= Frances James (ecologist) =

American ecologist

Frances Crews James (born September 29, 1930) is an American ecologist who served as a Professor of Biological Sciences at Florida State University.

James studied geographic variation in the size and shape of birds, leading to transplant experiments with red-winged blackbirds and to tests of the theoretical assumptions underlying selection models. She is a member of the American Academy of Arts and Sciences. James, originally from Philadelphia, Pennsylvania, was immersed in the stream of biology at an early age being involved in the Academy of Natural Sciences Expeditions for Everyone.

In 1984 James was the first woman to become president of the American Ornithologists Union serving for two years until 1986. She was awarded the Eminent Ecologist Award in January 1997; in the same year she also received the Outstanding Leadership Award from the American Institute of Biological Sciences. She was awarded the 1999 Margaret Morse Nice Medal by the Wilson Ornithological Society. She has served on The Nature Conservancy Board of Governors and the Board of Directors for the World Wildlife Fund. She was one of the inaugural Fellows of the Ecological Society of America in 2012.

==Academic career==
James completed her A.B. (Bachelor of Arts) in zoology at Mount Holyoke College and went on to do her M.S. (Master of Science) at Louisiana State University. She then finished her Ph.D. in Zoology from the University of Arkansas in 1970 at the age of 40 after raising a family of three daughters with her then husband ornithologist Douglas A. James. Her dissertation involved observing patterns of intraspecific size variation in 12 species of birds found in areas of the United States. James looked specifically at Bergmann’s rule hypothesizing that temperature may not be the most important factor determining body size patterns across gradients.

In 1996 Frances James and her colleague at the University of Florida, statistician Charles McCulloch published an article titled: New Approaches to Population Trends in Land Birds. They proposed novel approaches to analyzing the data from the Breeding Bird Survey, data showed no general decline but significant declines in species from certain regions.

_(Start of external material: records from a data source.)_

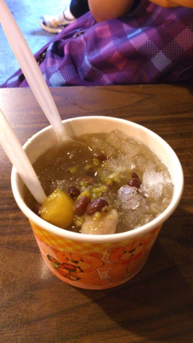 この後サービスで、杏仁寒天やお芋やあんこが入ったデザートがボウルいっぱい来ました。
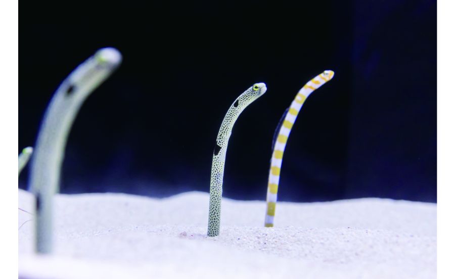 犬のチンに似た丸い顔がユーモラスなチンアナゴ。顔立ちがシャープなシマシマのニシキアナゴ。ほのぼのした見かけによらず縄張り意識が高く、どちらもけんかっ早い性格だとか。
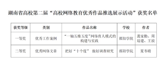 近日,由中共湖南省委网络安全和信息化委员会办公室、中共湖南省委教育工作委员会、湖南省教育厅联合主办,湖南省高校网络思想政治工作中心具体承办的湖南高校第二届“一节一推选”活动评选结果公布。英国上市官网365荣获一等奖2项、二等奖1项、三等奖2项。
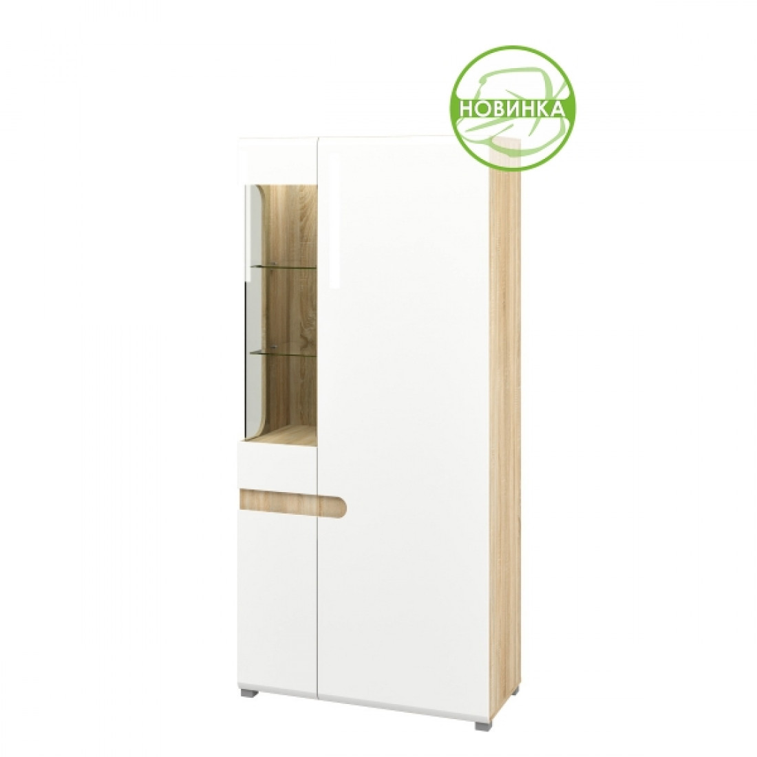 Особенности двухстворчатого комбинированного белого правого шкафа витрины Леонардо МН-026-19:

In 2009, with John Pourtless, she published an Ornithological Monograph entitled "Cladistics and the Origin of Birds: A Review and Two New Analyses". In this monograph they argue that both the “early-archosaur” and “crocodylomorph” hypotheses are at least as well supported as the BMT (birds are maniraptoran theropod dinosaurs) hypothesis. Also, the Kishino-Hasegawa tests they performed revealed no statistical difference between the hypothesis that birds were a clade nested within the Maniraptora and the hypothesis that core clades of Maniraptora (oviraptorosaurs, troodontids, and dromaeosaurs) were actually flying and flightless radiations within the clade bracketed by Archaeopteryx and modern birds (Aves). James and Pourtless concluded that because Aves might not belong within it, Theropoda as presently constituted might not be monophyletic. They further cautioned that a verificationist approach in the BMT literature may be producing misleading studies on the origin of birds.